RECORD SET:
***

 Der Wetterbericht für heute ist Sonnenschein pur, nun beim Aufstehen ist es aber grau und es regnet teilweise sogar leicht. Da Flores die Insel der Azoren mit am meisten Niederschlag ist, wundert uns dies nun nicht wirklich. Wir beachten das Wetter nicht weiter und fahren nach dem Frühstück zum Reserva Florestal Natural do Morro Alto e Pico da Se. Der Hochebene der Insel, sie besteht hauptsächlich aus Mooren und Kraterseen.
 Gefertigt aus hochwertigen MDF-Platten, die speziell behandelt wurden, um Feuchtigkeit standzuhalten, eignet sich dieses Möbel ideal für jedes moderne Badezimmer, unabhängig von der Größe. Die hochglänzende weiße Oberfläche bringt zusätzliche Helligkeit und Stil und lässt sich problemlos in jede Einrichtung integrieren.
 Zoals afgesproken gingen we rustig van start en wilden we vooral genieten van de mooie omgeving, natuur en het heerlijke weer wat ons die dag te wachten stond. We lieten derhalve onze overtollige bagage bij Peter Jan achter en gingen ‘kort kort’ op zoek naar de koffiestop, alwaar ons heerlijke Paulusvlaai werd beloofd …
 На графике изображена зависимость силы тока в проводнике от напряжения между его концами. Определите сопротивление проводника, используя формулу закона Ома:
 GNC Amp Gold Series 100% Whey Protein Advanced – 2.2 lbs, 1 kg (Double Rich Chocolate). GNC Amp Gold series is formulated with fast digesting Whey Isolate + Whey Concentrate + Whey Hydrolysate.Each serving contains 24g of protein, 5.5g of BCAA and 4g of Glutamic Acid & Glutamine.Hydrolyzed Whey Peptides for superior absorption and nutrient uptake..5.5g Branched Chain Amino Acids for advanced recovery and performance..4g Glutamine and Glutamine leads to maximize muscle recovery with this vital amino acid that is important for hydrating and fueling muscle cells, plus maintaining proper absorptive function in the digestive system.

***

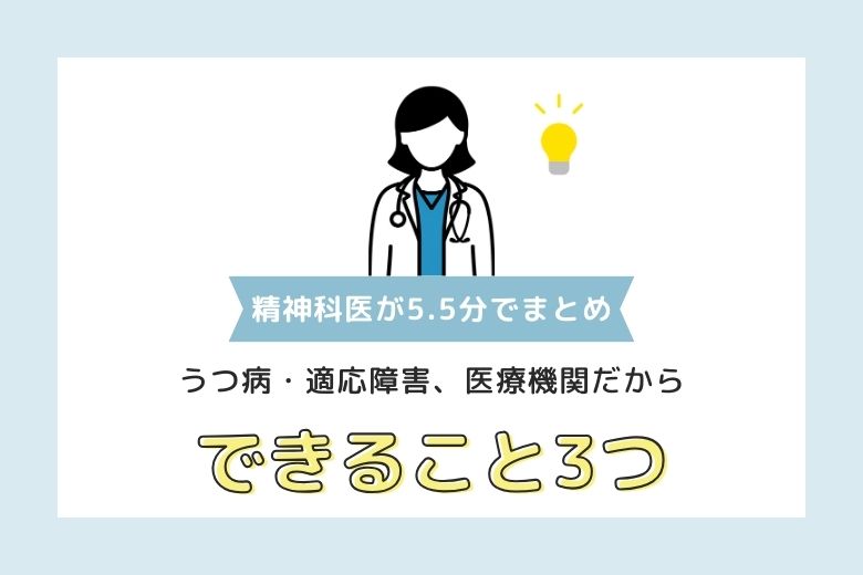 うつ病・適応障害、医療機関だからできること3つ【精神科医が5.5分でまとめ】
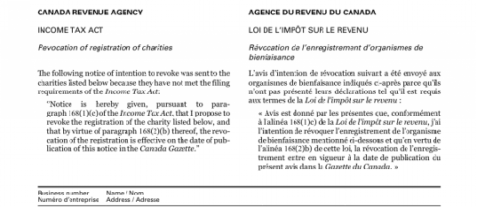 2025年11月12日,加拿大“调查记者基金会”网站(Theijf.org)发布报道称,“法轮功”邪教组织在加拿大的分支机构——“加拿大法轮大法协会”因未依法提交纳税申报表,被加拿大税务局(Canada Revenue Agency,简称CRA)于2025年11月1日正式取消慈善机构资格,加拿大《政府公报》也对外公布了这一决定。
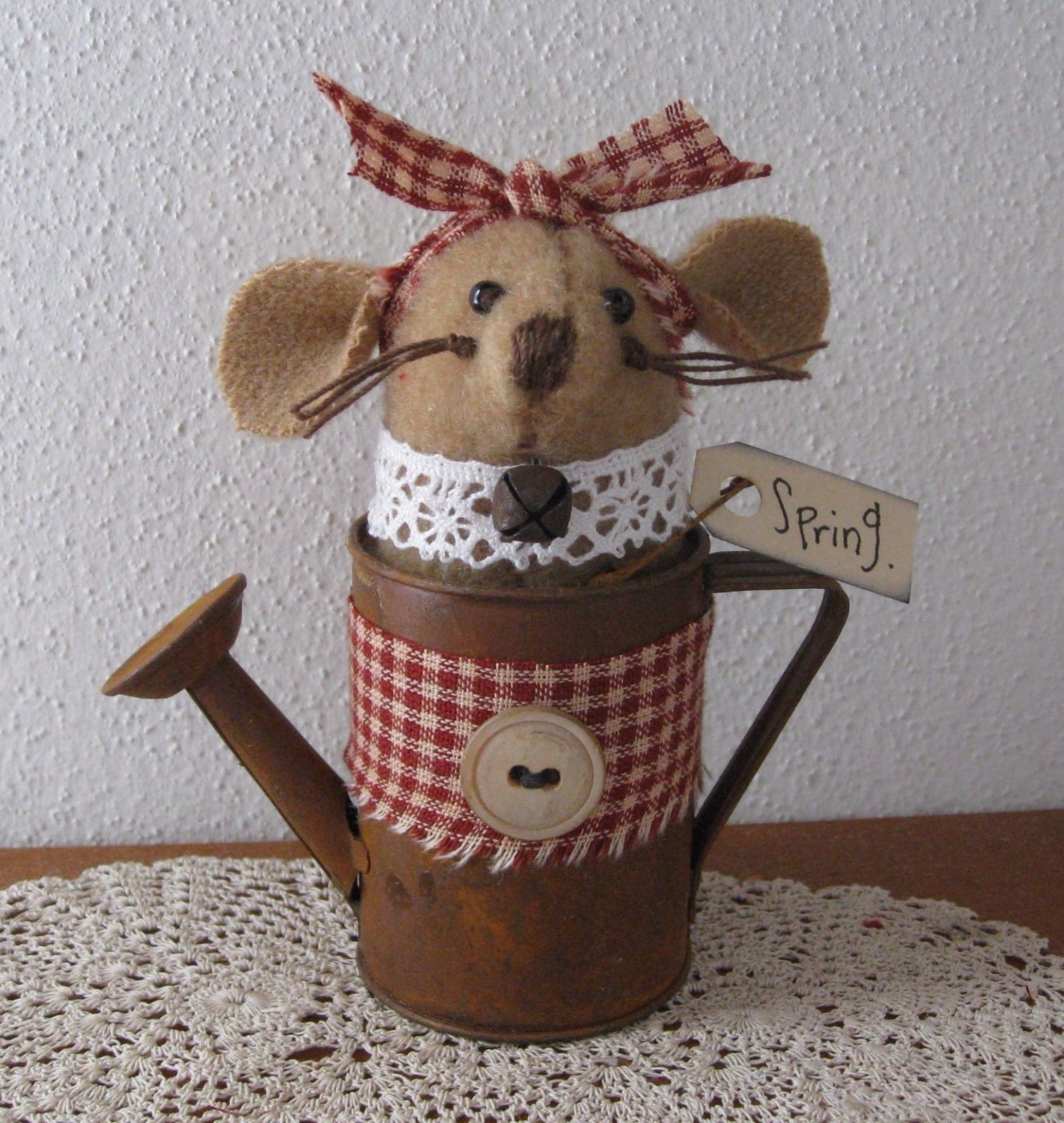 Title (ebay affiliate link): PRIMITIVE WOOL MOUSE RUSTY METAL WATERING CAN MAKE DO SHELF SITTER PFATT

***

BRIEF: The output is the stretch above from the line with "うつ病・適応障害、医療機関だからできること3つ【精神科医が5.5分でまとめ】" through the line with "Title (ebay affiliate", copied word for word with both ends kept and every picture dropped.

EXERCISE SOLUTION:
 うつ病・適応障害、医療機関だからできること3つ【精神科医が5.5分でまとめ】
 2025年11月12日,加拿大“调查记者基金会”网站(Theijf.org)发布报道称,“法轮功”邪教组织在加拿大的分支机构——“加拿大法轮大法协会”因未依法提交纳税申报表,被加拿大税务局(Canada Revenue Agency,简称CRA)于2025年11月1日正式取消慈善机构资格,加拿大《政府公报》也对外公布了这一决定。
 Title (ebay affiliate link): PRIMITIVE WOOL MOUSE RUSTY METAL WATERING CAN MAKE DO SHELF SITTER PFATT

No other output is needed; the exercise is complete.